21 day water fast: Day 21

gratitude-sunrise (1200x800)I woke up into the darkness, with an overwhelming feeling of gratitude: for the universe, for Réka and the opportunity to be here – as well as for the fast itself.  I sat down to meditate, with the expanse of gratitude laid out as a back-drop to everything in my mind.  It felt and continues to feel like an inner smile expanding from all directions in and around my heart.  Everywhere, almost as if my body were breathing the mantra: ‘thank you, thank you, thank you…’

I’m just so grateful.

Today it occurred to me – no, it was more than just a thought, it was a subtle body-sensation – that at this point, deep into the water fast, something in the core of my body is taking place similar to what happens much earlier on during a dry fast.  As anyone who has tried both types of fasting will tell you, a dry fast feels and works completely differently from a water fast.  With a dry fast, I often get the sensation that my body is like a towel which is being wrung out by the cleansing of the fast.  It’s definitely a sensation of being squeezed out from the inside.  A water fast is completely different, more as if your body is a river bed through which a current of water is flowing, washing you clean.  Now, for the first time, I felt that ‘wringing-out’ feeling.  In my mind, I somehow connect this with the sight of myself a few days ago, caught as a reflection in one of the windows of the house while I was gardening.  Without a shirt on, I really had ‘shrunk’ – especially my core.  That inner shrinking, even visually evident, is a kind of ‘squeezing out’, I suppose.

It didn’t take long to pack up.  For the whole three weeks, I had hardly touched my stockpile of books, cds – or even clothes for that matter!  All the materials I had brought with me for improving the house were constructed and in place, so there was hardly anything to load into the car.

Goodbye Tiszaigar!

The drive home felt distinctly different from my trip back into the city around Day 10.  I think this must have been largely in part to the metabolic changes already taking place by having broken the fast a couple of hours earlier.  If I were a purist, I suppose I should have waited until the evening, but I was already headed towards finishing the 21-st full day of the fast.  In this case, I felt it more important to be practical.  The fact was, is, and continues to be that life back in the ‘real world’ is careening on at full speed, and I knew I had to make a transition quickly.

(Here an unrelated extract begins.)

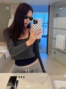 SUNONEONE 方领显瘦短款针织衫女秋季新款套头长袖修身上衣
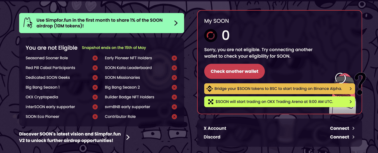Step 2: Check Your Eligibility The claim site will show your allocation if you participated in earlier SOON activities, held NFTs, or contributed through campaigns like simpfor.fun.

So, having primed my body the night before, I broke the fast in earnest in the morning with two small oranges.  I decided that, rather than juice them, I would continue to eat whole foods throughout the transition back to normal eating.  The only significant difference between orange juice and whole oranges is in the fibre consumed.  Knowing my digestive system’s tendency towards a slow re-start, I thought that the extra fibre would give my digestive system something to ‘grab’ and get peristalsis up and running a bit sooner.  We’ll see…

Around noon I began on banana smoothies blended with rice milk, and within the space of an hour or so had downed three of them.  Actually, it wasn’t a huge volume: each smoothie contained only one small/medium banana with enough rice milk to just cover it.  The end result, physically, was that the sugars soon began to work on my legs in quite a strange way.  The weakness and lethargy reminiscent of ‘hitting the wall’ continued, but with a physical jitteriness caused by the sugars which felt similar to a caffeine overdose.***  Walking through the garden for the last time, my legs felt a little like a rolling car which is about to jump-start: lurching forward, but without the underlying power to sustain it.  I actually felt a little unstable on my feet due to the uneven bursts of energy.

Back to the drive home.  Unlike the previous trip, my attention was already naturally focussed on the road ahead, without having to make any conscious effort.  And yet that more rounded, spherical consciousness of ketosis continued, and I continued to appreciate all of nature’s attractions on the periphery.  The open prairie, extending to the horizon and infinity… A distant thunderstorm, with rain washing a stain across the sky… Reaching the outer suburbs of Budapest, though, there was no more time for all that (nor were there any more attractions!).  The traffic grew in its intensity and general aggression.  That was fine.  I was happy to play the game.

I arrived home.

(Tomorrow the journal continues with a report of readjusting back to everyday life and food.)

*** Re-reading this blog now, three years on, I realise that I totally overdid the sugars on the first day of refeeding.  Of course, this was partly due to fears of not having enough energy in having to return to everyday life at almost kamikaze speed. With the benefit of added experience, I would have kept my fruit and sugar intake much lower, eaten more vegetables instead, and accepted the fact that I’d just have to return to everyday blitzkrieg with low physical energy levels. Breaking an extended fast and refeeding with too many sugars and calories is dangerous, and can lead to refeeding syndrome!